It is embarrassing in our society to talk about this basic physiological need however, your bowel movement is the best health indicator.

Let’s talk about poop

Unfortunately, our society finds it embarrassing to talk about a basic and very important physiological need like this. However, knowing about your bowel movement and how your stool looks is the best, simplest, and cheapest health indicator. So don’t be embarrassed, examine your stool! There is a strong correlation between poop and health.

My Poop Story

During my teenage years and until my late twenties I was constantly constipated. I remember lingering in the bathroom and ending up bleeding from how hard and big my poop would get. On several occasions, I even clogged the toilet by the wide shape and the hard consistency. On one occasion I decided I needed help and started taking a homeopathic laxative medication, how crazy is that? Needless to say, I ate very badly and drank very little water at that time. I am living proof that the human body is resilient and recovers very quickly.

Poop is still Taboo

As a good well-educated girl, I grew up not talking about this subject and not knowing that it was even important. After all, girls are not allowed to fart, let alone talk about poop! Well, it wasn’t until much later, in my early thirties after I started eating better, that I was able to get decent bowel movements. Currently, it’s like clockwork! I poop 2-3 times a day! To be quite honest there is no better sensation of cleanliness and accomplishment than the one I have when my poop is big and goes out with minimal effort. As a person that knows the other side this is quite an accomplishment.

Constipation and Mood

Think of it this way, if we don’t poop we stay full of feces, or shit. It literately means that we are not functioning properly. The gut is an organ that affects cognitive ability, immunity, and mood. This is all backed up by science and proven by several bodies of research including some from Harvard Medical School.

Technically Speaking

Poop is the body’s way of eliminating solid waste. Feces, or fecal matter, is made up of water, proteins, fats, polysaccharides, bacterial biomass, ash, and undigested waste (such as insoluble fiber). A normal poop contains about 75% water and 25% solids.

However, some people’s are quite hard (as was mine) and contain much less water than 75%. This may be related to slow transit in the GI tract. When fecal matter moves through the colon slowly, water continues to be absorbed, as this is one of the colon’s main roles. Then the stool becomes way too dry and hard. In other cases, hard poop may be due to a low-fiber diet. The fiber in the stool acts like a sponge attracting water to the colon. Both fiber and water add bulk to the poop.

Constipation and Diseases

Several studies show the correlation between constipation and oxidative stress. When we eliminate waste regularly, we decrease oxidative stress in the body. Not pooping often enough seems to increase the risk of several chronic diseases, including cardiovascular disease and some cancers. When you are constipated, the contact time between the waste and the intestinal wall is longer, which can lead to the formation and absorption of fecal mutagens – substances that cause DNA changes and cancer.

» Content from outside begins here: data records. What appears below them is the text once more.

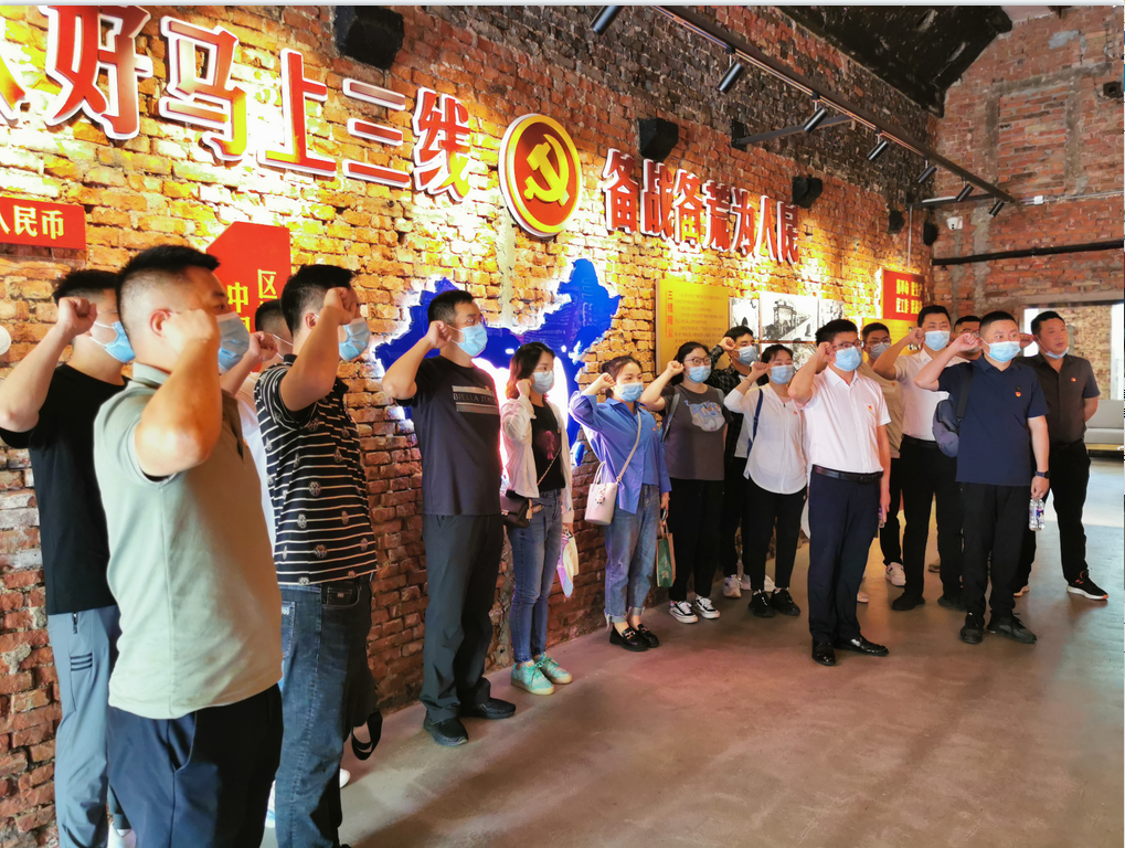 全體黨員赴809微小鎮(zhèn),參觀809廠房原貌和“三線”軍工建設(shè)展覽館,一張張照片,一件件物品,都讓黨員們更加清晰的了解了“三線”建設(shè)的背景和成果,感受了三線建設(shè)者們在特定歷史條件下“艱苦創(chuàng)業(yè)、無私奉獻(xiàn)、團(tuán)結(jié)協(xié)作、勇于創(chuàng)新”的“三線”精神。全體黨員在展覽館內(nèi)的黨旗下重溫入黨誓詞。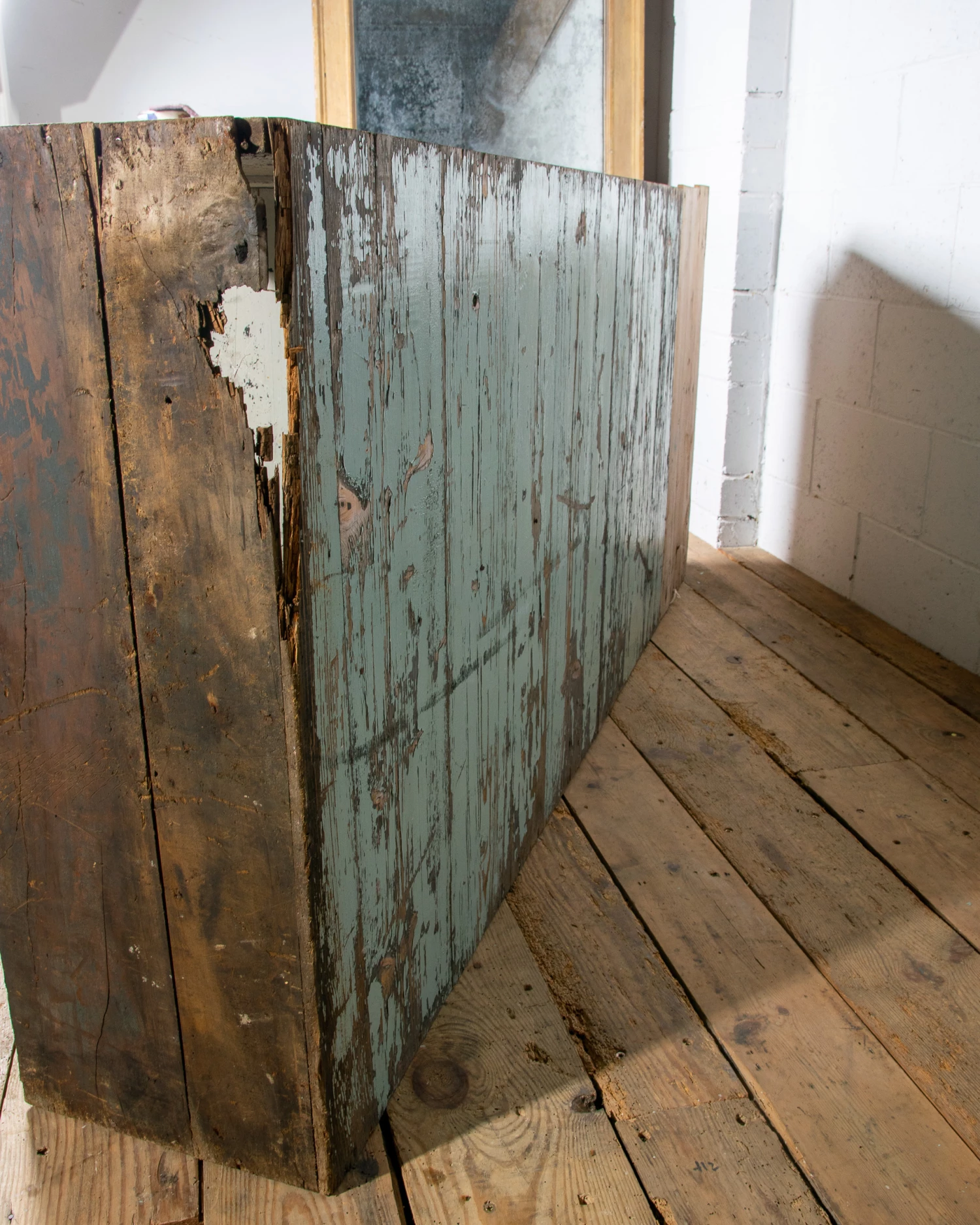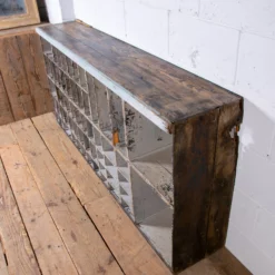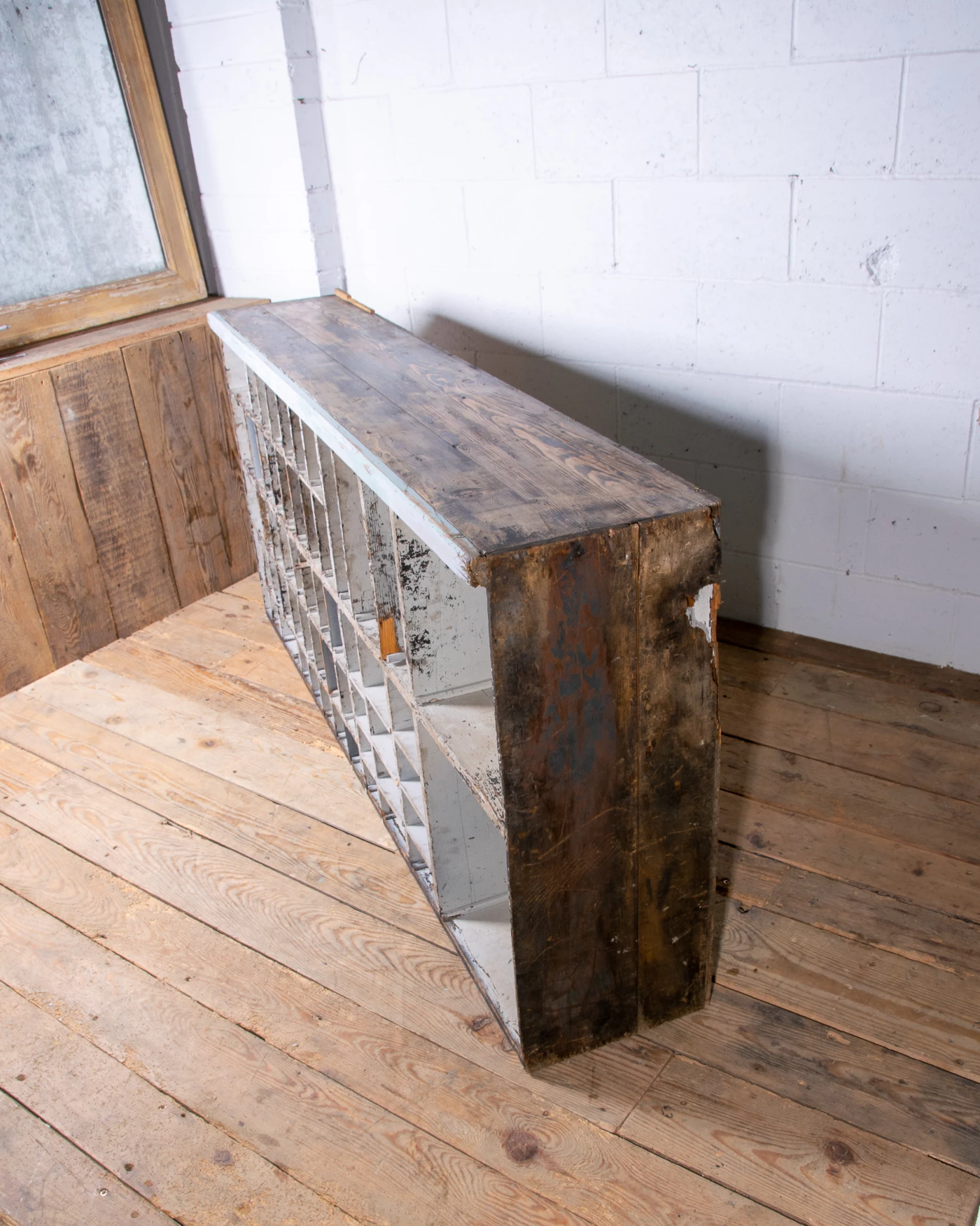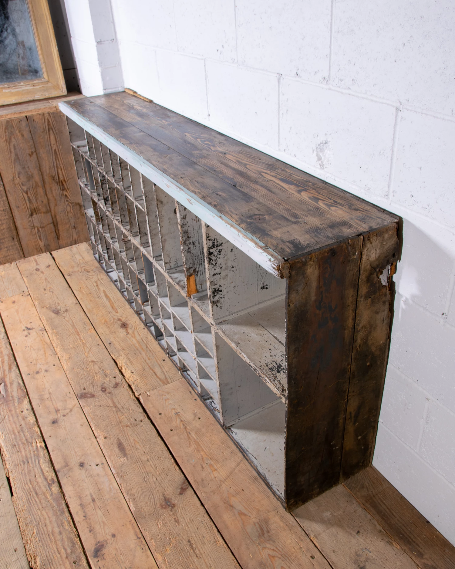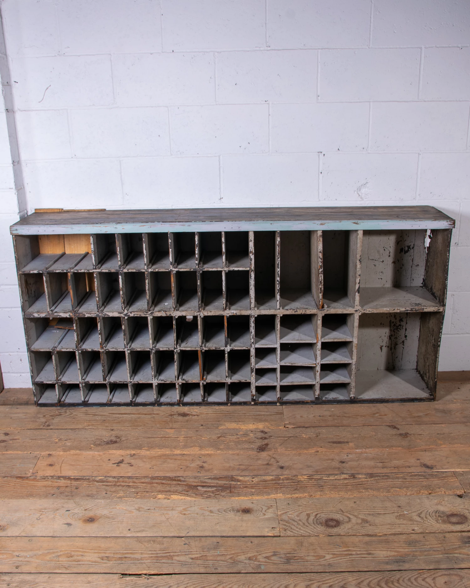 An early 20th century wooden pigeon hole shelving unit reclaimed from a workshop in France.
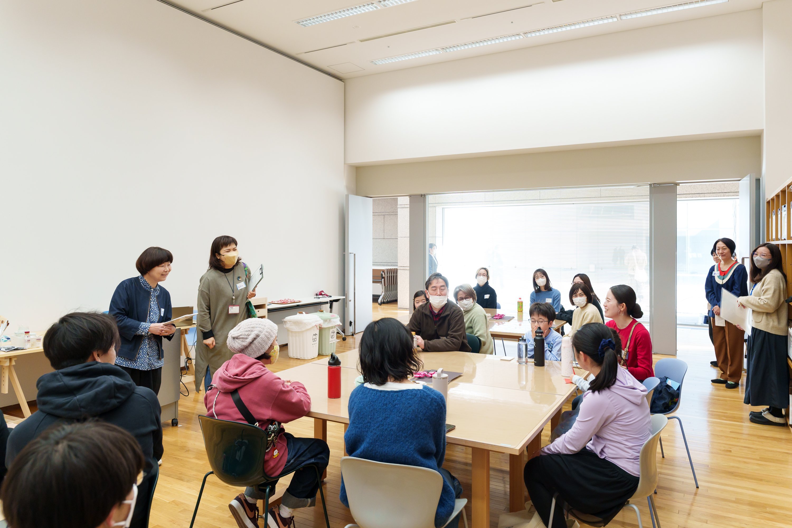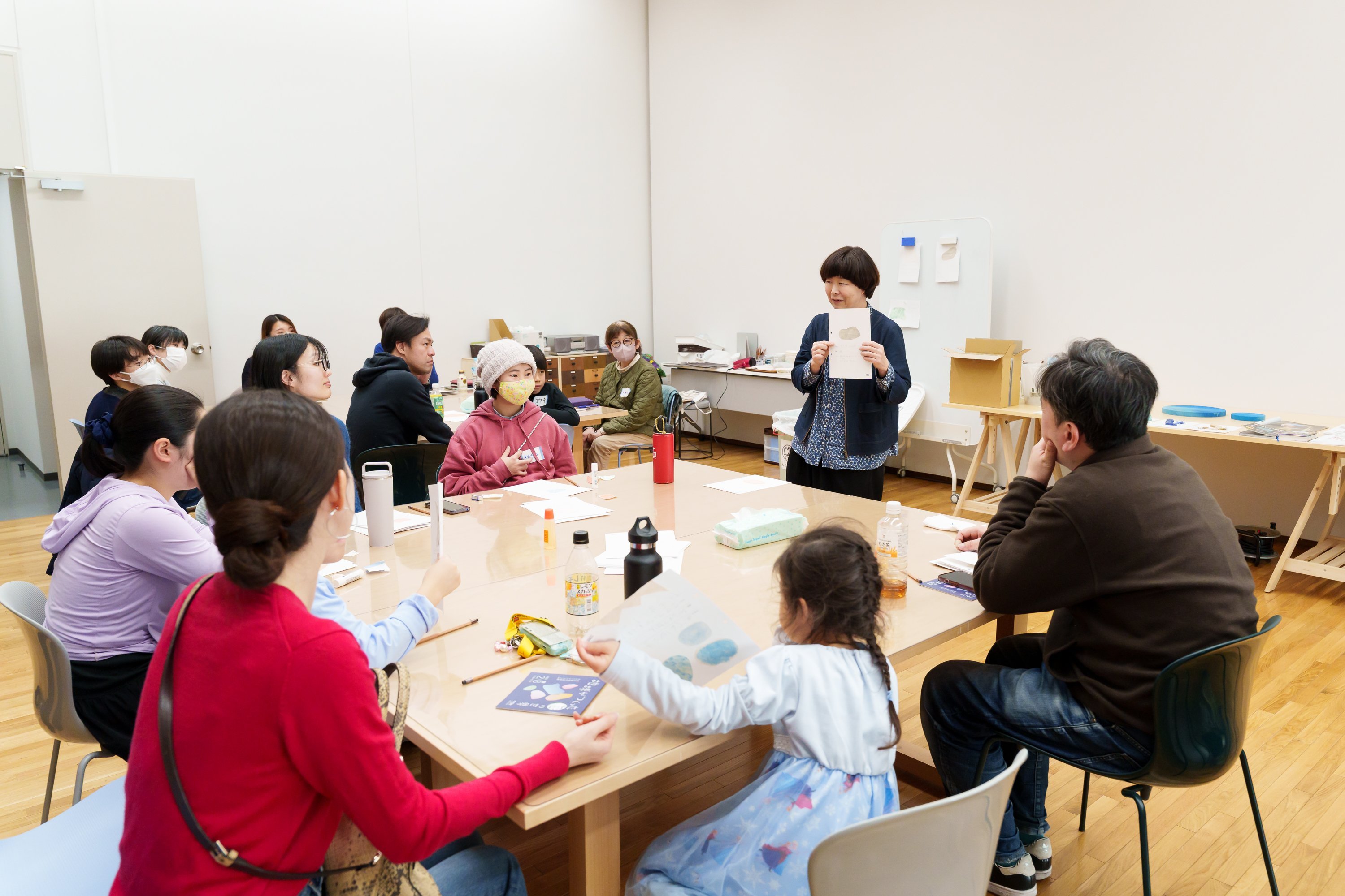 ワークショップには、小学生と保護者のペアから大人まで、幅広い世代にわたる19名が参加しました。スタジオを会場に、半日にわたって時をともにする参加者同士、自己紹介をするところからスタート!

For example, the correlation between constipation and breast cancer has been observed since the 1980s.

Women seem to Suffer More

Pooping is important for everyone, but male and female bodies handle poop a little differently. The female colons are longer because the reproductive organs in women take up more space than the equivalent in men. Therefore, the path of food between the mouth and the anus takes longer in women, which is why women suffer from gastrointestinal discomfort more often than men.

As the poop moves through the colon, water and the other components are reabsorbed by the body. If the process takes too long, it can cause reabsorption of toxins and even hormonal imbalance. Excess estrogen and other hormones are discarded through the stool and can also be reabsorbed, disrupting the balance.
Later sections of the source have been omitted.